**Prompt:**
If a line below falls between the line with "Первая сырная лепешка" and the line with "На початку XIX", or is one of those two, output it exactly; output nothing else and no pictures.

**Records from a dataset:**
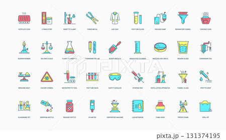 collection colorful icons tools equipment commonly found chemistry laboratory
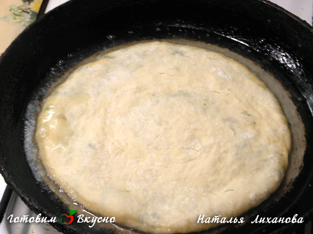 Первая сырная лепешка готова, таким же образом дожариваем две остальные.
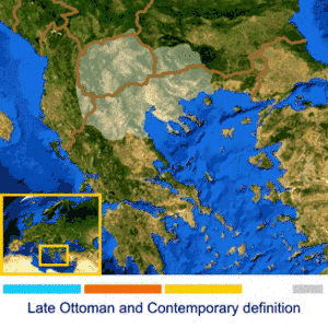 На початку XIX століття християнське населення Македонії частково входило до Румелії — так називали візантійські землі, захоплені Османською імперією. Приблизно третину населення становили мусульмани, в основному османського походження, у містах мусульмани-слов'яни і албанці становили меншину, в сільських районах мусульмани-албанці і мусульмани-слов'яни розселилися у верхів'ях річки Места. У містах переважали османи, греки, євреї, вірмени і влахи. Євреї іммігрували у другій половині XV століття і впродовж всього XVI столітті з Угорського королівства, Іспанської імперії й Італії. Слов'янський елемент набув деякого значення в містах тільки після 1860 року.
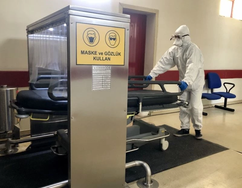 Bu süreçte özellikle sterilizasyonu ve temas kontrolünü en üst düzeyde tutmaya çalıştıklarının altını çizen Acar, “Bütün sistemlerimizi aktif şekilde kullanıyoruz. Bunu kullanmak işin özellikle sedye ve tekerlekli sandalyelerimizin geçebileceği alanda bunu konumlandırdık. Havalandırmasının da iyi olduğu bir alana konumlandırdık. Biz bununla, özellikle hastamız üzerinde olmadığı zaman, tekerlekli sandalye ya da sedye üzerindeki örtüleri alınıp en son yeni bir hastaya kullanılacak şekilde bırakılmak üzere temizlenip o şekilde muhafazasını sağlıyoruz” ifadelerini kullandı.
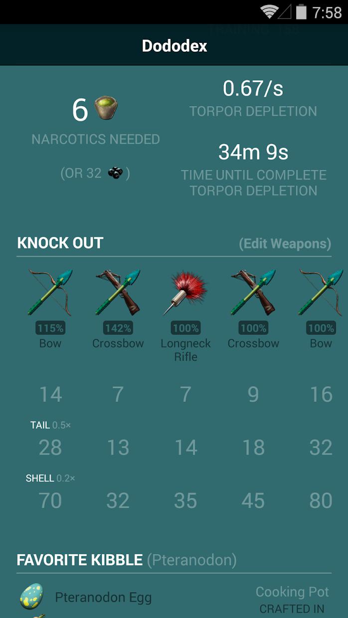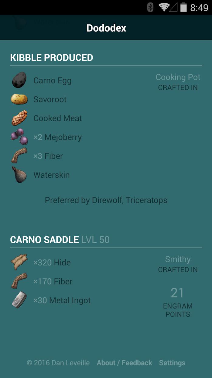Dododex为方舟:生存中的每种生物提供一个综合全面以及经常保持更新的指南手册,其中包含驯服计算器、饲料和鞍的配方、生物属性、计时器、每种武器的击晕效果信息、以及独创的提示和从成千上万的ARK玩家中收集到的大数据信息。

**Task solution:**
 Первая сырная лепешка готова, таким же образом дожариваем две остальные.
 На початку XIX століття християнське населення Македонії частково входило до Румелії — так називали візантійські землі, захоплені Османською імперією. Приблизно третину населення становили мусульмани, в основному османського походження, у містах мусульмани-слов'яни і албанці становили меншину, в сільських районах мусульмани-албанці і мусульмани-слов'яни розселилися у верхів'ях річки Места. У містах переважали османи, греки, євреї, вірмени і влахи. Євреї іммігрували у другій половині XV століття і впродовж всього XVI столітті з Угорського королівства, Іспанської імперії й Італії. Слов'янський елемент набув деякого значення в містах тільки після 1860 року.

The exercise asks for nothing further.